I am fascinated by the polar regions and Arctic cultures. I had this little vintage Canadian stamp, and used it as a starting point for this painting. Kimmirut is a very small town in Nunavut territory. It's one of those places I long to visit, but really, I have no idea what I would be getting myself in to. I know there is a lot of strife and struggle in these places, but the fantasy persists (in my mind) that people are able to hold on to their traditions and culture.

It's a sleepy Monday over here at Tiny Aviary headquarters. Hope yours is more caffeinated and alert!

Red Bat : : Lasiurus borealis

9

June 06, 2012


The spring bird migration is winding down here. Still many species coming through the Chicago area as they migrate to northern breeding grounds, but less so than a few weeks ago.

Bird are not the only critters migrating during the spring. There are several species of bats that travel through our area as well. One of the most common bat migrants is the little Red Bat Lasiurus borealis.
Red bats are so named for the reddish to orangish color of their fur, with the males being deeper in color. They feed on moths, beetles, ants, and other insects, and with the exception of migration and breeding seasons, they are solitary in nature. It's known as a tree bat, roosting in deciduous trees, and sometimes the occasional conifer tree.

Due to their use of echolocation, bats, unlike migrating birds, are less prone to colliding with larger buildings in urban areas such as Chicago. It does happen, though.  My daughter's baby sitter showed me a photo she had taken of a little red bat she had found sitting on the sidewalk near a friend's apartment in downtown Chicago. She didn't know what it was, and said that the poor little guy was just sitting there, a bit disoriented. Once we ascertained that it was a Red Bat, I spoke with a couple biologists at the Field Museum. One said that when bats collide with buildings, it usually just stuns them for a bit. But that if they end up on the ground, they can get cold and go in to a sort of torpor. When this particular individual would find one, he would pick it up and warm it up in his gloved hands. Once warmed the bat would come out of its torpor and fly off. I am by NO means recommending that anyone should pick up a bat, especially if they are not a trained wildlife professional, but it made me feel good to know that these little guys had someone out there helping them.

To learn more about bats in general check the wonderful Bat Conservation International site.

I will be at the Field Museum tomorrow (Thursday), and so if you follow me on instagram or twitter I'll be posting a few photos.

Prothonotary Warbler : : Prothonotaria citrea

3

June 05, 2012


I worked on a Prothonotary Warbler in the bird lab, last week at the Field Museum. Like everything else I work on, it was an unfortunate window kill. It was an adult female that was at least a year old. I had come across Prothonotaries in the lab before, but knew little about this species of warbler.
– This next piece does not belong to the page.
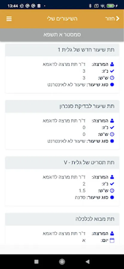 App Personal Information and lecturer contains a range of services to students and lecturers at Sapir College and includes:
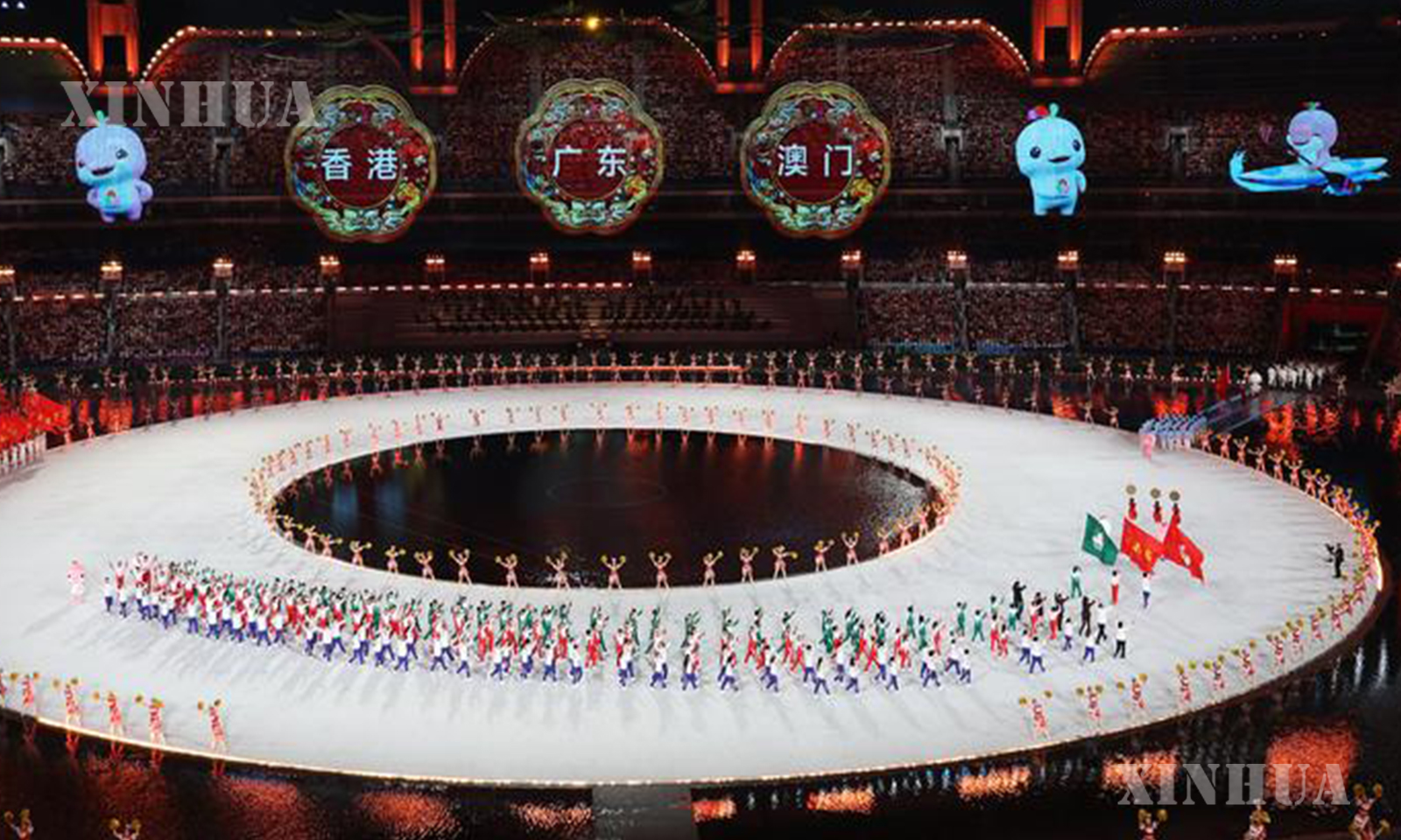 2. 11月9日,广东省体育代表团、香港特别行政区体育代表团和澳门特别行政区体育代表团在入场仪式上共同入场。 当日,第十五届全国运动会开幕式在广东奥林匹克体育中心举行。 新华社记者 卢汉欣 摄

They have amazingly bright yellow plumage, and thus their name refers to the yellow cloaks worn by Roman Catholic papal clerks (prothonotaries).


P. citrea prefers wet habitat: swamps, bottomland hardwood forests, and mangrove forests. It winters in mangrove forests of Central and South America, and breeds in bottomland hardwood forests mainly in the Southeastern US. They are supposedly the only wood warbler species that will nest in tree cavities, often using holes previously excavated by woodpeckers.

As they require pretty specific habitat, their survival depends on us preserving it. There have been nesting box programs that have some amount of success in boosting breeding populations. It remains to be seen, however, how the effects of loss of wintering habitat in Central and South America will affect their numbers.